Repairing the Wiring: How a New Stem Cell Therapy Aims to Defeat Chronic Spinal Cord Injury

Repairing the Wiring: How a New Stem Cell Therapy Aims to Defeat Chronic Spinal Cord Injury

As reported on Inside Precision Medicine, for years, a chronic spinal cord injury (SCI) has felt like a permanent biological roadblock. When the spinal cord is damaged, the immediate aftermath—known as the subacute phase (the weeks right after the injury)—is highly volatile but offers a brief window where the tissue is still relatively receptive to healing. Once an injury settles into the chronic phase (months or years down the line), dense scar tissue forms, and surviving nerve fibers lose their protective coating, leaving patients with long-term, stubborn paralysis.

But a groundbreaking approach presented at the International Society for Stem Cell Research (ISSCR) 2026 Annual Meeting is shifting the paradigm.

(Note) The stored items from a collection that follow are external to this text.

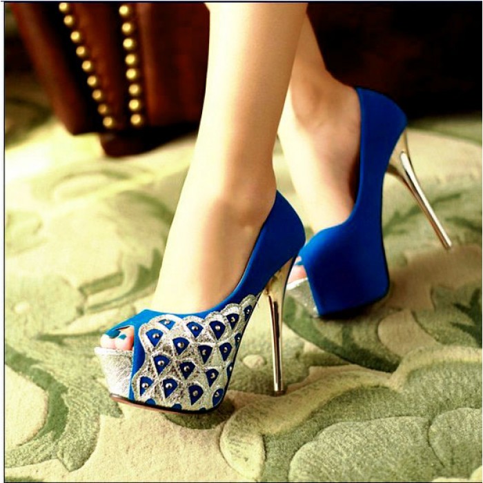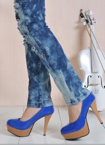 Stylish and sexy blue platform shoes go with many types of clothing. In everyday fashion, these models are in harmony with:
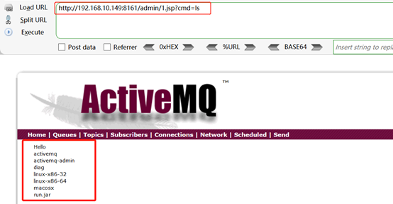 5、利用該版本存在的未授權(quán)訪問(wèn)漏洞,不用登錄,訪問(wèn)http://192.168.10.149:8161/admin/1.jsp?cmd=ls,下圖可以看到成功執(zhí)行命令
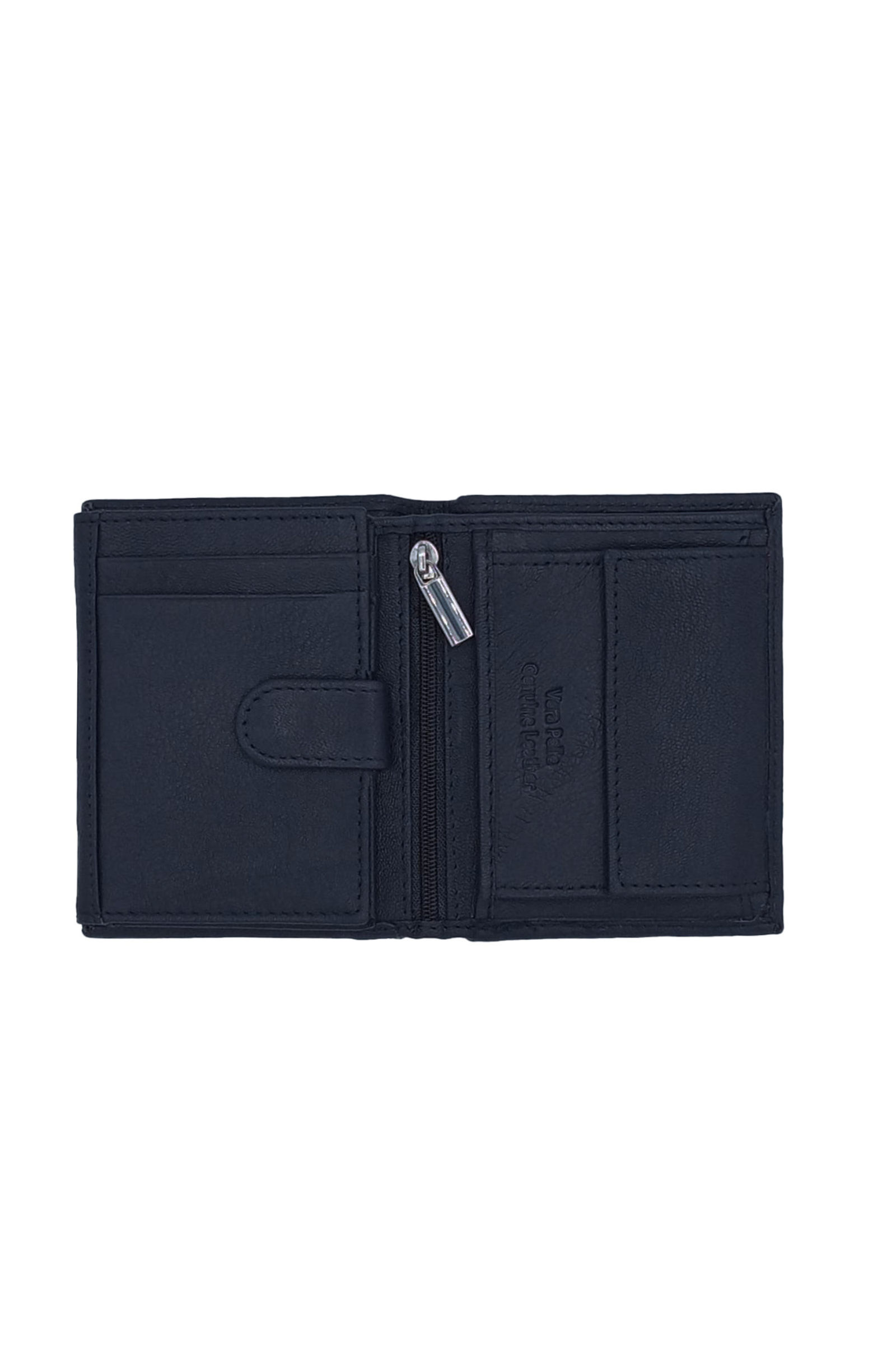 Portafoglio uomo in vera pelle blu, compatto e funzionale. 2 comparti, slot banconote, 7 carte totali, tasca zip. Dimensioni 9×11×2,5 cm. Codice ACC351.

Led by Hideyuki Okano, MD, PhD, a pioneering researcher at Keio University in Japan, scientists are preparing to launch a clinical trial aimed specifically at repairing these long-standing, chronic injuries. Instead of trying to rebuild the entire spinal cord from scratch, this therapy focuses on a much more practical goal: repairing the “electrical insulation” of the nerve pathways that survived the initial accident.

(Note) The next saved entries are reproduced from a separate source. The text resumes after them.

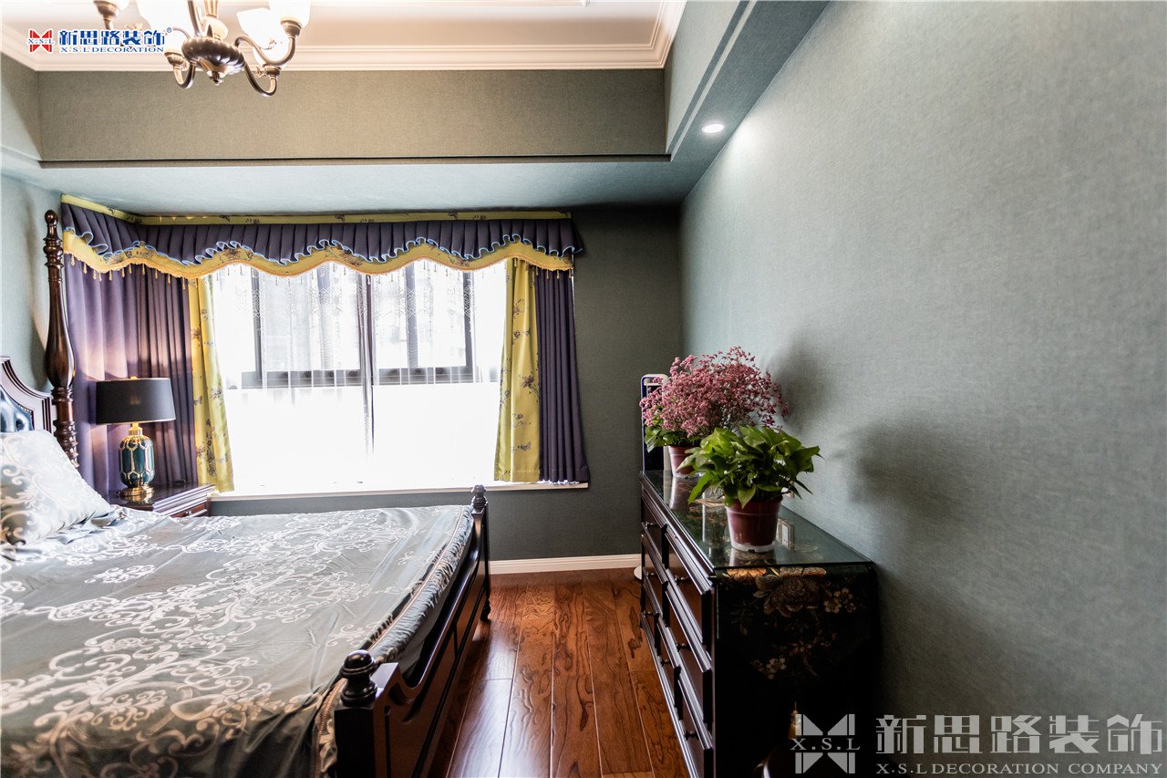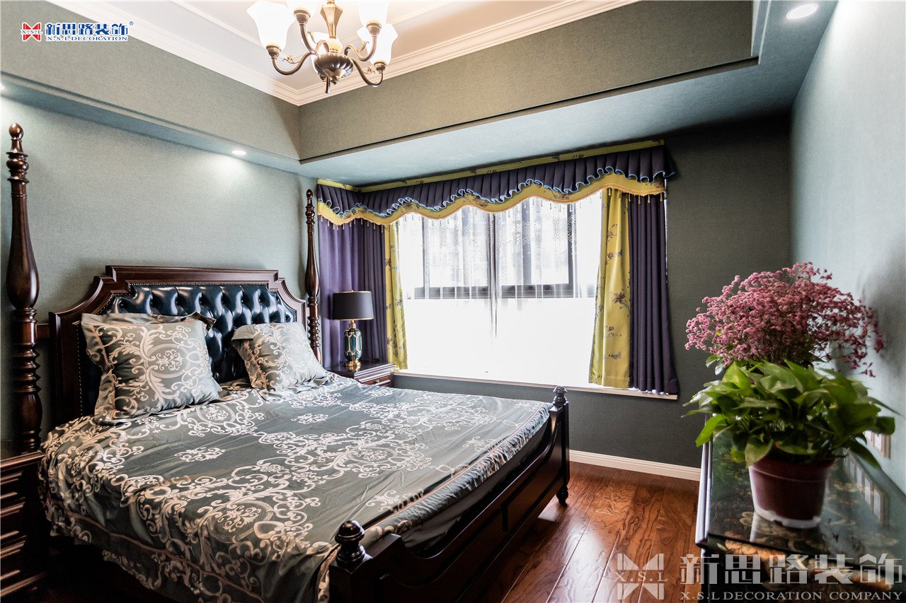 沙發(fā)背景墻使用石膏線材勾畫幾何圖形,古典優(yōu)雅;陶瓷的小鹿漫步花間,野趣橫生。復(fù)古花色的窗簾與真皮質(zhì)地的沙發(fā)以及實(shí)木電視柜搭配起來正合適,線條分割成菱形網(wǎng)格狀的乳白色電視背景墻大方低調(diào),黃銅色美式吊燈干凈明亮。深墨綠色的織錦桌旗無形中又添了點(diǎn)奢華意味,油青色的仿古裝飾擺件也是非常經(jīng)典的美式元素體現(xiàn)。
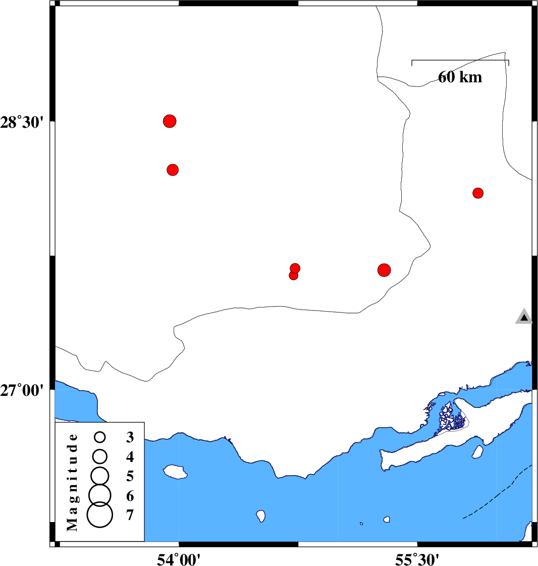 | 2007/11/20 | 09:15:34.7 | 12:45:34.7 | 27.64 | 54.72 | 15 | ML2.5 | 37 km East of Lar, Fars Province | ||
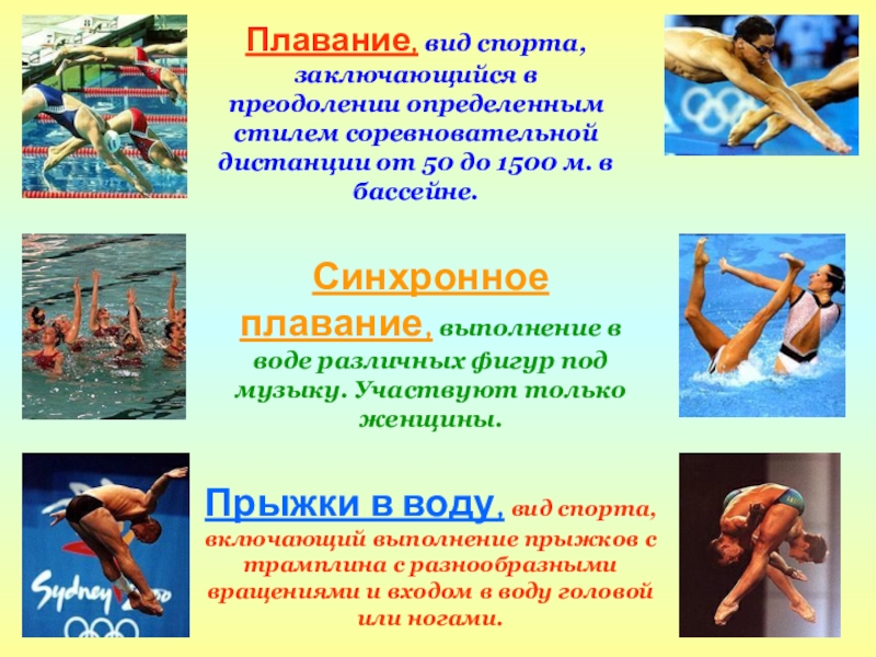 Синхронное плавание, выполнение в воде различных фигур под музыку. Участвуют только женщины.

The Biology: Fixing the Insulation, Not Just the Wires

To understand why this new therapy is a big deal, it helps to look at how our nerves send signals. Think of your spinal cord as a massive bundle of electrical cables. Each nerve fiber is wrapped in a protective, fatty sheath called myelin. Myelin acts exactly like the plastic insulation on a power cord—it keeps the electrical signals moving fast and prevents them from dissipating.

In a chronic, incomplete spinal cord injury, many nerve pathways actually survive. The problem is they lose their myelin insulation (a process called demyelination). Without it, the nerves are like bare, exposed wires—they are physically intact, but they can’t transmit signals to or from the brain.

To tackle this, Dr. Okano’s team is using induced pluripotent stem cells (iPSCs)—adult cells (like skin cells) that have been scientifically reprogrammed back into an embryonic-like state, allowing them to turn into virtually any cell type.

While their earlier research focused on cells that generate brand-new neurons, this chronic-phase therapy uses a highly specialized cell type: gliogenic neural stem/progenitor cells (gNS/PCs).

Instead of making new neurons, these cells are primed to develop into support cells:

  • Oligodendrocytes: The specialized cells responsible for wrapping nerves in fresh myelin.
  • Astrocytes: Star-shaped cells that nourish, protect, and maintain the surrounding nerve environment.

By transplanting these helper cells, the therapy aims to “re-insulate” the surviving, dormant pathways, essentially turning the power back on in circuits that have been quiet for years.

From “Safety First” to Reversing Paralysis

This upcoming trial isn’t starting from scratch; it is built on a decade of rigorous research. Dr. Okano’s team previously made headlines by launching the world’s first clinical study using iPSC-derived cells to treat patients in the subacute phase of spinal cord injury.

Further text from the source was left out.